Optical tweezers are instruments capable of trapping small particles using the forces generated by laser radiation pressure. The concept of pressure from the propagation of light is at the core of optical tweezers technology and was hypothesized several centuries ago. Until the 1960s it was not possible to use radiation pressure generated by light in order to modify the position of matter, but in days the advent of lasers provided a light source with the appropriate properties to generate a light trap and the rise of nanotechnology gave the opportunity to synthesize, modify and control materials in the nanometric scale. These two factors opened the way for optical trapping.
Today optical tweezers can be used to manipulate and study not only dielectric spheres with dimensions in the micron range, but also metal particles and single molecules in the range of nanometers. Additionally, the shape and polarization of the trapping potential can be modified to match the needs of a specific experiment. They are extensively used to study mechanical properties of DNA and proteins, interaction forces between colloids and molecules, in biology to study cell membranes and to manipulate cell interior (e.g. organelles) and individual cells.
In our group we have developed the first combined atomic force microscopy and optical tweezers instrument (AFM/OT).

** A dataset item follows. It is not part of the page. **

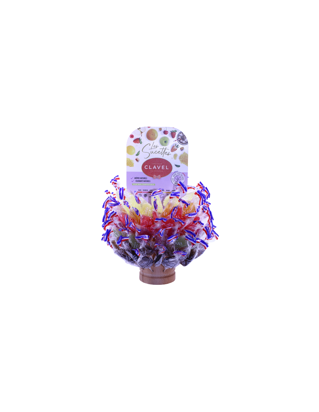 Un assortiments de sucettes sain et colorés. Dans une démarche environnementale, nos sucettes sont élaborées à partir d'arômes naturels et de colorants végétaux.

The system is based on a commercial AFM and confocal microscope. The addition of three lasers along with beam shaping and steering optics, on which the optical tweezer is based upon, provide us with the ability to manipulate small dielectric objects suspended in a fluid. Additionally, this same device allows for direct displacement and force measurement with very high resolution and accuracy in the same AFM scanning zone. We have also fitted a laser and a set of filters to observe fluorescent samples appropriately excited. This remarkable improvement of a standalone AFM force resolution allows us to conduct experiments using a hybrid double probe technique, which is fundamental for the study of single molecules, cells, biological tissues and nanomaterials from a brand-new point of view.